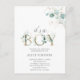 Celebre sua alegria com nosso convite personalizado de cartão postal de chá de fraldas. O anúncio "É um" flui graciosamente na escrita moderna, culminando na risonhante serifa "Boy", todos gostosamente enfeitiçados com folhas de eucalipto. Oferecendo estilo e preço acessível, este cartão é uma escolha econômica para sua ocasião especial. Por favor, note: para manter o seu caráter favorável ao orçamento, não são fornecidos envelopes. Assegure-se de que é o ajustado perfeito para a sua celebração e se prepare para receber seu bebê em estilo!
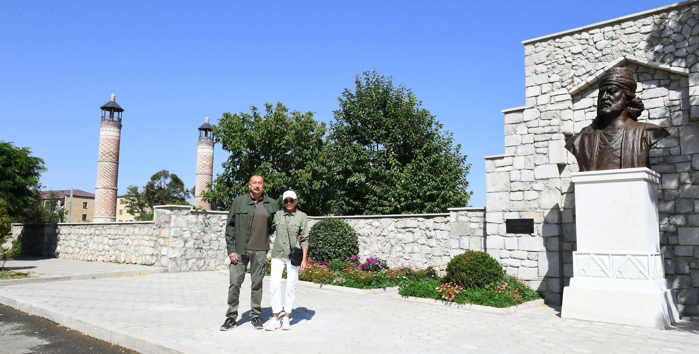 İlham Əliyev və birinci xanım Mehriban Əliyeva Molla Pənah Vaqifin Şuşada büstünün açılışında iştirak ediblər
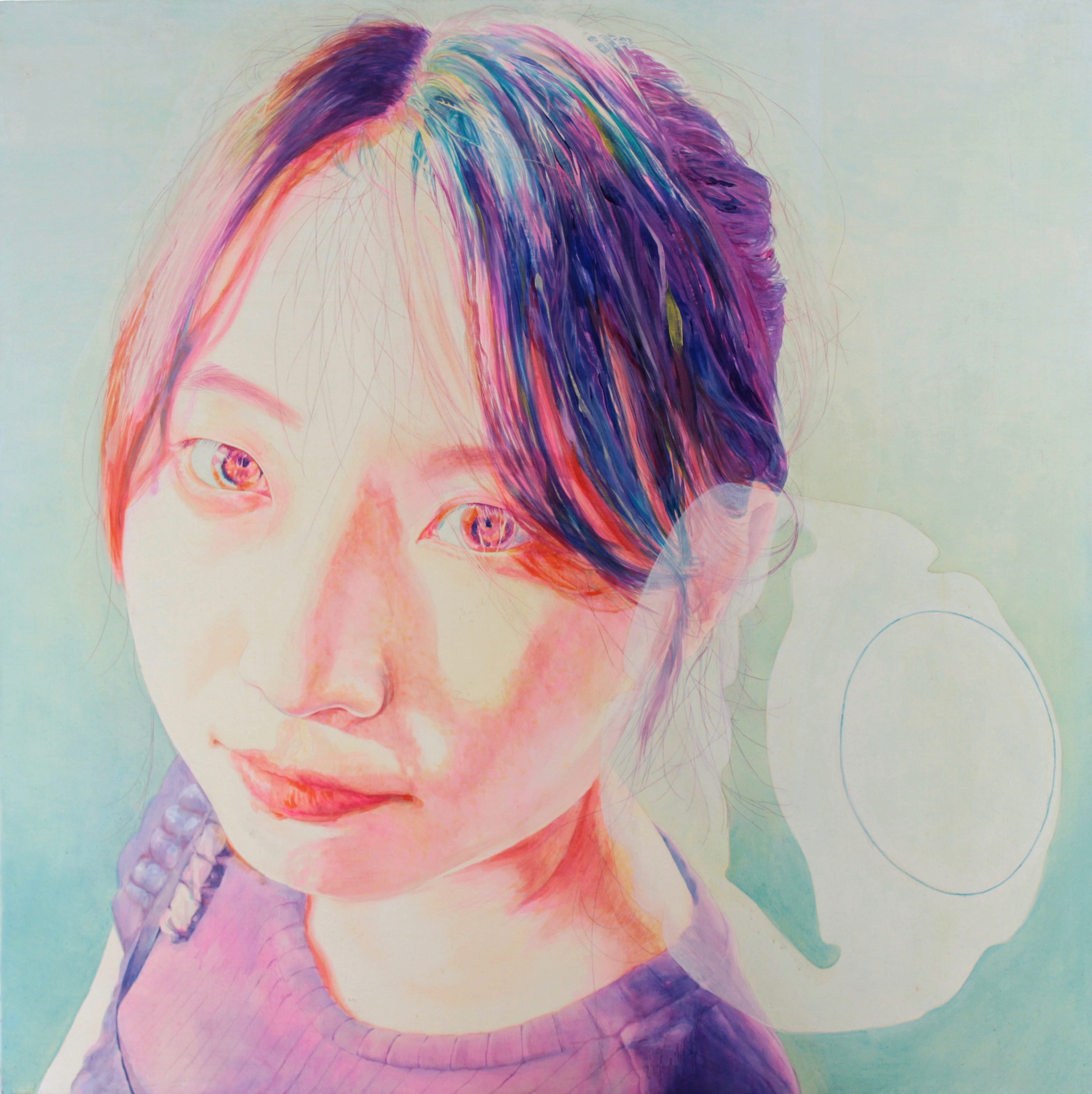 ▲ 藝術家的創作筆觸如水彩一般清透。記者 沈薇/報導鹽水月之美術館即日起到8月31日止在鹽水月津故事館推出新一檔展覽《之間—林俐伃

----------

## WORK TASK
Output exactly the lines from the one that has "İlham Əliyev və" through the end of the data. Do not include pictures.

## FINAL ANSWER
 İlham Əliyev və birinci xanım Mehriban Əliyeva Molla Pənah Vaqifin Şuşada büstünün açılışında iştirak ediblər
 ▲ 藝術家的創作筆觸如水彩一般清透。記者 沈薇/報導鹽水月之美術館即日起到8月31日止在鹽水月津故事館推出新一檔展覽《之間—林俐伃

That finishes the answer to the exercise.